(Stored items from a collection)
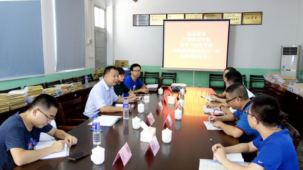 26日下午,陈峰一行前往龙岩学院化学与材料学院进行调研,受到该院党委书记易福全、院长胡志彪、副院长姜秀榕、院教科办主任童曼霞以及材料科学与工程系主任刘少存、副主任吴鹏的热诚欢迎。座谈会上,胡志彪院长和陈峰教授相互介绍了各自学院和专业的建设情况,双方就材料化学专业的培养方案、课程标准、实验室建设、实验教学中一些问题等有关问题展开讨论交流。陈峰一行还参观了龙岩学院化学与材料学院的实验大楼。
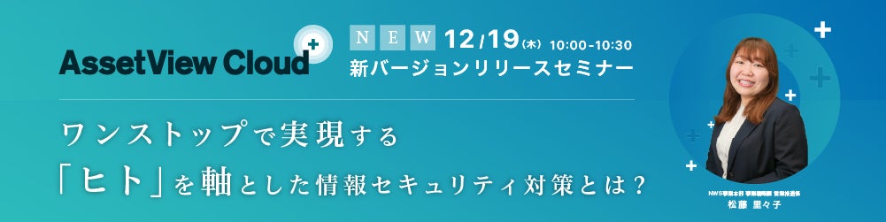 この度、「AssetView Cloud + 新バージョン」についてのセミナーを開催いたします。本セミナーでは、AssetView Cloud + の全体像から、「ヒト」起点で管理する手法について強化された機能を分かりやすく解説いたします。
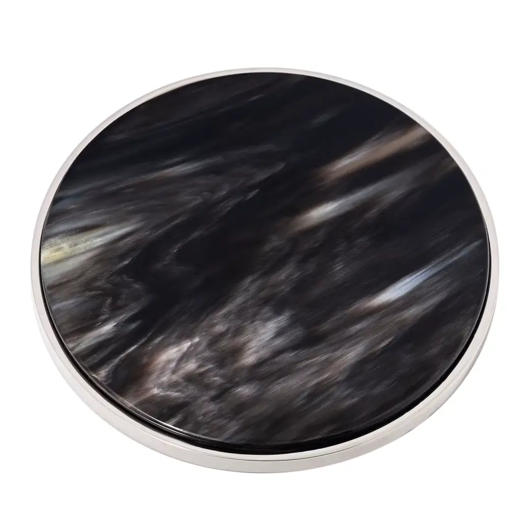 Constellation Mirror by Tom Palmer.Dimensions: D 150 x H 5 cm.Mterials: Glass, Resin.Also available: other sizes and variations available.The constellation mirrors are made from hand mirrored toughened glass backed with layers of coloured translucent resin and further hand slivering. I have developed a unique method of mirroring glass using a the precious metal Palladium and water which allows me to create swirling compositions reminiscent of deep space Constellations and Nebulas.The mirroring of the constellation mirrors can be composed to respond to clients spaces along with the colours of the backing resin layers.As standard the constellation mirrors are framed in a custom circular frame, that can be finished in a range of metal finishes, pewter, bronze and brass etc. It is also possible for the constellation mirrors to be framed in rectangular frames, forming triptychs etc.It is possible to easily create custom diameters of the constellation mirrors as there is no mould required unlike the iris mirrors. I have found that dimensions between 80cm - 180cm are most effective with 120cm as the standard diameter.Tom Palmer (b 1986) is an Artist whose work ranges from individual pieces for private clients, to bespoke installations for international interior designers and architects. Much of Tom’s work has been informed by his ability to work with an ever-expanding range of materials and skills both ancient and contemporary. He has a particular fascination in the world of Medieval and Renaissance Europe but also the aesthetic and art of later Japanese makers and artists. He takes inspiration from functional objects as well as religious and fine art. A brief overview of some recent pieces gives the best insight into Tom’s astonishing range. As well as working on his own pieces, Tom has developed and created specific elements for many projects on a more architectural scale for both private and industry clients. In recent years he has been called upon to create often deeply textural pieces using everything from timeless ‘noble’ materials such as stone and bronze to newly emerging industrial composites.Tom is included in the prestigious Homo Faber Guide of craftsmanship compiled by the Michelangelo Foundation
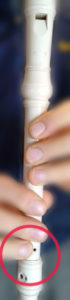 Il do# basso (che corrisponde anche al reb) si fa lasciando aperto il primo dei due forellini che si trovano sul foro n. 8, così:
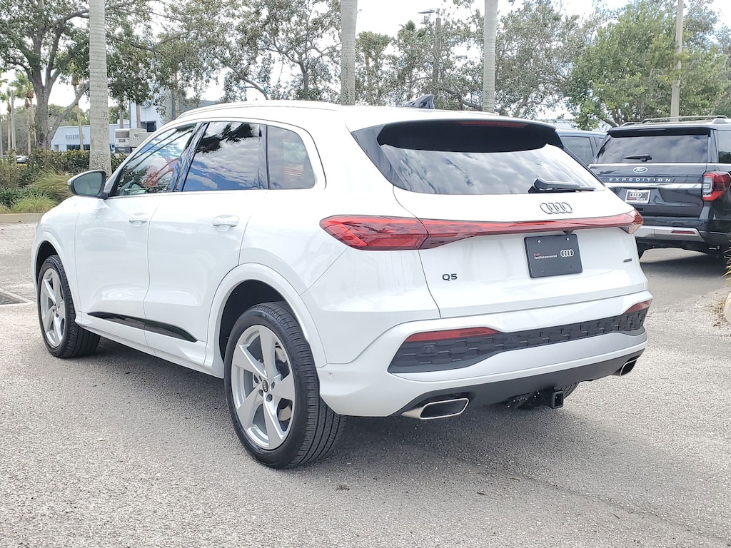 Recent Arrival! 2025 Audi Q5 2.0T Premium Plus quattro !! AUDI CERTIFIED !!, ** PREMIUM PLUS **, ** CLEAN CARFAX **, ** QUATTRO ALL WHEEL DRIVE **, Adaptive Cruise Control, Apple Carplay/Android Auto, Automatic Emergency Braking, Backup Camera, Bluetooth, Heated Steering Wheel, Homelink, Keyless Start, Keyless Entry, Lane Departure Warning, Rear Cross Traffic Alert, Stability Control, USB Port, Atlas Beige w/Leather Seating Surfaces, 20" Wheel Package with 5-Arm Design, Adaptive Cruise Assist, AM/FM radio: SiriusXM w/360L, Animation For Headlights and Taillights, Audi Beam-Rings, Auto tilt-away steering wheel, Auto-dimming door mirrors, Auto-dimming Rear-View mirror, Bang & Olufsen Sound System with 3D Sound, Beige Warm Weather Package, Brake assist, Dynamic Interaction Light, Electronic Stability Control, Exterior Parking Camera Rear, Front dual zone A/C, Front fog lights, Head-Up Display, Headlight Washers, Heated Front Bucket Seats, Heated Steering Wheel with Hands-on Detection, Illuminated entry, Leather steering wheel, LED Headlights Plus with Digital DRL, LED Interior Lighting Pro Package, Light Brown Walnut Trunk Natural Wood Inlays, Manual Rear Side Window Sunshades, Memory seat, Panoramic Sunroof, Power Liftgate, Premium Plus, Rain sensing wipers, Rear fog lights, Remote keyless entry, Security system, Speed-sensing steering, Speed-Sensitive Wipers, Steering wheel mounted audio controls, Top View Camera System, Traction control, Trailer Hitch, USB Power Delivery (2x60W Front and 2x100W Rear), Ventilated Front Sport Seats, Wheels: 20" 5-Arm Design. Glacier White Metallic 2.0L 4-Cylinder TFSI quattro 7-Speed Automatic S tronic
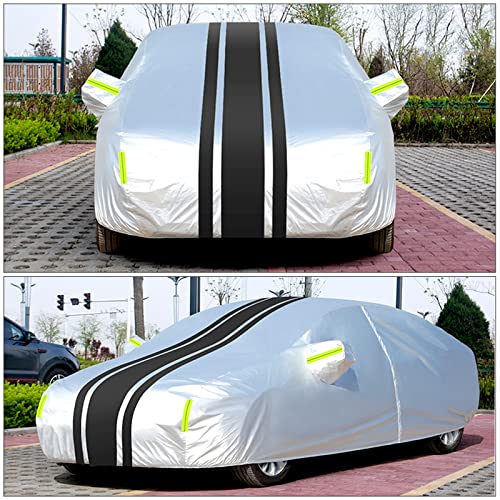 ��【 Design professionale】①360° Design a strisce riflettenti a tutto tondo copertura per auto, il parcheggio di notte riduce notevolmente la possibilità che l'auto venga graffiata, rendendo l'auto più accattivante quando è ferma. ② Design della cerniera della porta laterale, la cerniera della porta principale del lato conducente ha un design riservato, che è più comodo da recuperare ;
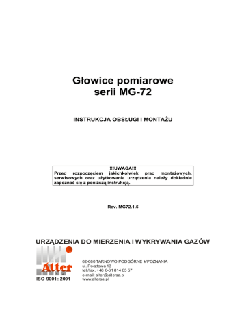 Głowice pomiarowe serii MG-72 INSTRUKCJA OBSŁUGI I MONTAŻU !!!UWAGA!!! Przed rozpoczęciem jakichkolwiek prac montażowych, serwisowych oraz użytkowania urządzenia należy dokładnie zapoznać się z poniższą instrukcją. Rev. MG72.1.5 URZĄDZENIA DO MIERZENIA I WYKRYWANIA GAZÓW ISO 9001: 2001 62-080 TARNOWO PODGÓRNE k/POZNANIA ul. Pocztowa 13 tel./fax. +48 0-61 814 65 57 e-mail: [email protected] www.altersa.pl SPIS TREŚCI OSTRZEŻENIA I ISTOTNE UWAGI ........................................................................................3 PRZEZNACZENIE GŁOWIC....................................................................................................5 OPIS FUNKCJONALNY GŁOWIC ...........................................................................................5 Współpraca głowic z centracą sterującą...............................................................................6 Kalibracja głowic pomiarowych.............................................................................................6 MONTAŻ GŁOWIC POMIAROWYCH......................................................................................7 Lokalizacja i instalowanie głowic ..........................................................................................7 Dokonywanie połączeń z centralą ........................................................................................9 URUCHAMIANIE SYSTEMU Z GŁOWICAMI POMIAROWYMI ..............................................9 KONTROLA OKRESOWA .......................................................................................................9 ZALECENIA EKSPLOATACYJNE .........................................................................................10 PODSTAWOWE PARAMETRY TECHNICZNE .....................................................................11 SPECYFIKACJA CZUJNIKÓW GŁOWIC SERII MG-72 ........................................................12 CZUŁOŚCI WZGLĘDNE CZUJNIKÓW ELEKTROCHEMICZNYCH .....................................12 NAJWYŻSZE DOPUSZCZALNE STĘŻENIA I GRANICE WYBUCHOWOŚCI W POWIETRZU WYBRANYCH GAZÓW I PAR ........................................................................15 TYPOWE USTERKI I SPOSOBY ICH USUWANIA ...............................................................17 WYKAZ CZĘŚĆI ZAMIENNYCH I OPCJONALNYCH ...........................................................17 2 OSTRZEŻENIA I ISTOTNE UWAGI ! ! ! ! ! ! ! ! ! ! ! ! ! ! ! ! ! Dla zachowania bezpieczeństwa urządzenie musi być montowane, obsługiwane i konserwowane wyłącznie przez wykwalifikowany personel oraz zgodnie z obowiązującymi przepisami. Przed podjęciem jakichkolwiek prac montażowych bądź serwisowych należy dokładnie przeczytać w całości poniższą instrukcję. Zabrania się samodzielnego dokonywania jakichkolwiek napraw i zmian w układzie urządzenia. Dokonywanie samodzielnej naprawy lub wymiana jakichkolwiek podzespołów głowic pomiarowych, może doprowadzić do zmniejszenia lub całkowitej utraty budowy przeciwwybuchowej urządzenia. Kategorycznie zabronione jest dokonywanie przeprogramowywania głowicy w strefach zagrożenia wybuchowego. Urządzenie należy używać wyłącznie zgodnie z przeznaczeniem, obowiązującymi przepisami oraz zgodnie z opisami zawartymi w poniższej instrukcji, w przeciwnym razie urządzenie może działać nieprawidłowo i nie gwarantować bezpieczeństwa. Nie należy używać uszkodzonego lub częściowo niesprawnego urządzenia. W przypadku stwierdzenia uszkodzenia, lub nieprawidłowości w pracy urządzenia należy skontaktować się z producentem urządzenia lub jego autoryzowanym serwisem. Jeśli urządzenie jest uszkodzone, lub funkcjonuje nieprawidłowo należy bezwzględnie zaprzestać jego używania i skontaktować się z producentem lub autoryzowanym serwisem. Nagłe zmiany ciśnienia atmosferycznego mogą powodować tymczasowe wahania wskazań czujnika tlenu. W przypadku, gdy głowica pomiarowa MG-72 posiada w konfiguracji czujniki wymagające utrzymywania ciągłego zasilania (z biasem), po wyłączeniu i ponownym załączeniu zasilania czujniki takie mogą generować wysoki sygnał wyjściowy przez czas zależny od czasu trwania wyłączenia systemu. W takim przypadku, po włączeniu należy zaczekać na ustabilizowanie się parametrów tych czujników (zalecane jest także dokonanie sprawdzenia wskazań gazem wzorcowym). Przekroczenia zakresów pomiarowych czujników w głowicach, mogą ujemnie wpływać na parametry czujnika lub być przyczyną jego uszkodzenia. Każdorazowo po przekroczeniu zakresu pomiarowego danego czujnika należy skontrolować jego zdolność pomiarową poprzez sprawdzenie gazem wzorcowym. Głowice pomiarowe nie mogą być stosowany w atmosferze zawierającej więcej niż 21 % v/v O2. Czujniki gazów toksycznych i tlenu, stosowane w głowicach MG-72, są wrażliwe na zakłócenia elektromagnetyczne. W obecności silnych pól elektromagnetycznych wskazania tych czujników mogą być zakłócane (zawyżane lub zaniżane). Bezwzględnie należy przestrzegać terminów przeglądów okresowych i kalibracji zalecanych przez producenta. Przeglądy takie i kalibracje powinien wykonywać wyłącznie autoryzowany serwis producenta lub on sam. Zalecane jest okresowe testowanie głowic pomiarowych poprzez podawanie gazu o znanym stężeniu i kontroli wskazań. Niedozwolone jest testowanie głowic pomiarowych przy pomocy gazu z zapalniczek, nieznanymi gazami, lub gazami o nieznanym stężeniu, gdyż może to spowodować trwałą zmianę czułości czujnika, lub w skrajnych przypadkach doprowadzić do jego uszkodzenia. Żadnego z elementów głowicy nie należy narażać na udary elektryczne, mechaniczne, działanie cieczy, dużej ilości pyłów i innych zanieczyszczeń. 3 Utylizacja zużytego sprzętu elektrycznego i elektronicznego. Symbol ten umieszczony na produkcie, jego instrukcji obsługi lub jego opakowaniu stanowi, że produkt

■ TASK
Through the line containing "この度、「AssetView Cloud +" and no further, restate the data above word for word from its first line, leaving out pictures.

■ ANSWER AREA
 26日下午,陈峰一行前往龙岩学院化学与材料学院进行调研,受到该院党委书记易福全、院长胡志彪、副院长姜秀榕、院教科办主任童曼霞以及材料科学与工程系主任刘少存、副主任吴鹏的热诚欢迎。座谈会上,胡志彪院长和陈峰教授相互介绍了各自学院和专业的建设情况,双方就材料化学专业的培养方案、课程标准、实验室建设、实验教学中一些问题等有关问题展开讨论交流。陈峰一行还参观了龙岩学院化学与材料学院的实验大楼。
 この度、「AssetView Cloud + 新バージョン」についてのセミナーを開催いたします。本セミナーでは、AssetView Cloud + の全体像から、「ヒト」起点で管理する手法について強化された機能を分かりやすく解説いたします。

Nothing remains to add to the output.